A bottle of Petrus 1982

Petrus (formerly known as Château Pétrus) is a Bordeaux, France, wine estate located in the Pomerol appellation near its eastern border to Saint-Émilion. A small estate of just 11.4 ha, it produces a red wine entirely from Merlot grapes (since the end of 2010), and produces no second wine. The estate belongs to Jean-François Moueix and his children.

Although the wines of Pomerol have never been classified, Petrus is widely regarded as the outstanding wine of the appellation. Petrus leads a duo of Pomerol estates in extreme prices, along with Le Pin, that rank consistently among the world's most expensive wines. A 750 ml bottle of Petrus wine is priced at an average of $4,112.

==History==

1931 presentation card with the designs of the early 20th century, the label, cork, case and capsule markings

Originally, a 7 ha vineyard, the estate had been owned by the Arnaud family since the end of the 18th century, and the name first appears in records from 1837. In the 1868 edition of Cocks & Féret, under listing Crus bourgeois et 1ers artisans, Petrus was ranked behind Vieux Château Certan and alongside Château Trotanoy. Some vintages of this period were labelled Petrus-Arnaud. At the Paris Exposition Universelle of 1878, Petrus won a gold medal, at a time when such an event had very significant results, establishing a selling price at the level of a Médoc second growth, the first wine of Pomerol to do so.

In 1917, the Arnaud family had to sell and La Société Civile du Château Pétrus, a share-holding company, was set up. Around 1925, the owner of the Hôtel Loubat in Libourne, the widow Mme. Edmond Loubat, began to buy shares in the estate and continued the acquisition progressively until 1945, when she became the sole owner of the domaine.

According to David Peppercorn, "the great age of Petrus" began with the end of World War II and the successful 1945 vintage. Jean-Pierre Moueix of the Libourne négociant house (Établissements Jean-Pierre Moueix) acquired exclusive selling rights of Petrus in that year, and the international reputation of Petrus began to grow. Mme. Loubat, who also owned Château Latour à Pomerol, remained an active vigneronne throughout her life, known for her meticulous dedication to detail and quality, and strong determination that her wine deserved to be priced equal to the great crus.

In the following years, the efficient partnership with Moueix became prosperous. Petrus was introduced to the United States. In 1947, Mme. Loubat presented two magnums of 1938 Petrus to the Lord Mayor of London, who had come to Pomerol for a visit, for the wedding of Princess Elizabeth.

After the 1956 winter frost that devastated the grapevines of the Bordeaux region and killed two-thirds of the Petrus vineyard, Mme. Loubat decided not to replant but to coppice (cut back severely) the vines on surviving rootstocks; this process of recépage had been previously untried in the region; her success ensured that the vines' average age remained high and established a tradition that has since been followed.

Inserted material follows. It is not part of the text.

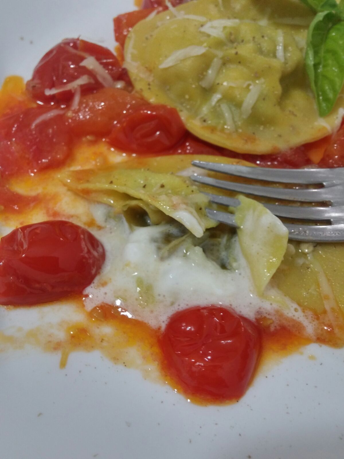Ravioli di curcuma ripieni di burrata e friggitelli su letto di pomodorini ciliegino

Petrus' fame in the U.S. grew in the 1960s, with the promotion by Henri Soulé, owner of the restaurant Le Pavillon in New York. According to Alexis Lichine, "[Petrus] was served at Le Pavillon in the days when Onassis sat at a corner table. After that, Petrus became a status symbol, the sort of name dropped by people who wish to imply not only that they know wine but that they are in wine".

On the death of Mme. Loubat in 1961, the estate was divided between a niece and nephew, Mme. Lily Lacoste-Loubat and M. Lignac, and a share was left to Jean-Pierre Moueix to break any deadlock between them and to ensure Moueix' continued influence. For a period, the estate was represented by the niece, but in 1964, Jean-Pierre Moueix bought the Lignac shares, and the oenologist Jean-Claude Berrouet became permanently attached to Petrus. Prior to this, Émile Peynaud had been employed as a part-time consultant. In 1969, 5 ha of vineyard were added to the estate, purchased from neighbouring Château Gazin. increasing the surface area of Petrus from 7 to 11.4 hectares (28 acres).

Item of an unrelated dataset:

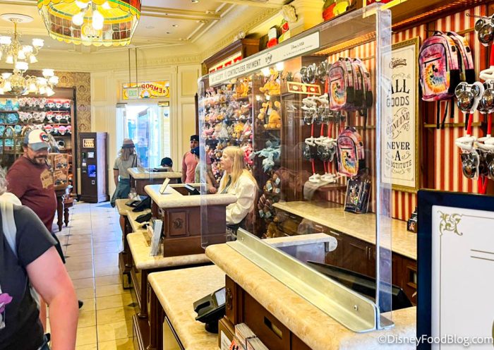 For example, at some gift shops around Magic Kingdom, we found no plexiglass barriers separating guests from Cast Members at the cash registers.
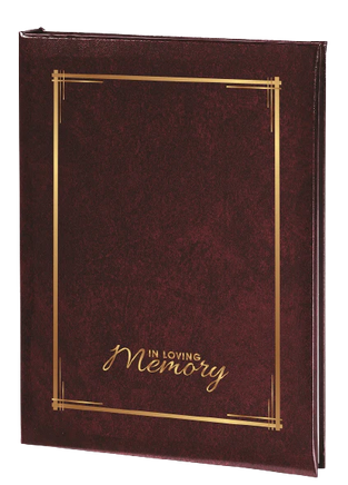 Our Decorative "In Loving Memory" Funeral Guest Book features a artistic design. “In Loving Memory” text and a border are stamped in gold foil. This Funeral Guest Book is available in a multitude of colors – Black, Burgundy, Green, Navy Blue and White.

Following the death of Jean-Pierre Moueix in 2003, his son Jean-François Moueix, head of Groupe Duclot, is the owner of Petrus; he and his children have controlled distribution worldwide via Clés Distribution since 2014. When Jean-Claude Berrouet retired as technical director after 45 vintages in 2008, he was replaced by his son Olivier Berrouet, who now manages the vineyard and the wine making.

In September 2018, Jean-François Moueix's entourage confirmed that 20 percent of the capital had been sold to Colombian-American billionaire Alejandro Santo Domingo.

==Terroir==

The vineyard of Petrus covers 11.4 ha and is located on a plateau in the eastern portion of Pomerol.

Located on top of a 20 ha island mound, the Pétrus boutonnière or buttonhole, Petrus' original vineyard possesses topsoil and subsoil high in iron-rich clay that differs from neighbouring vineyards, where the soil is a mixture of gravel-sand or clay-sand.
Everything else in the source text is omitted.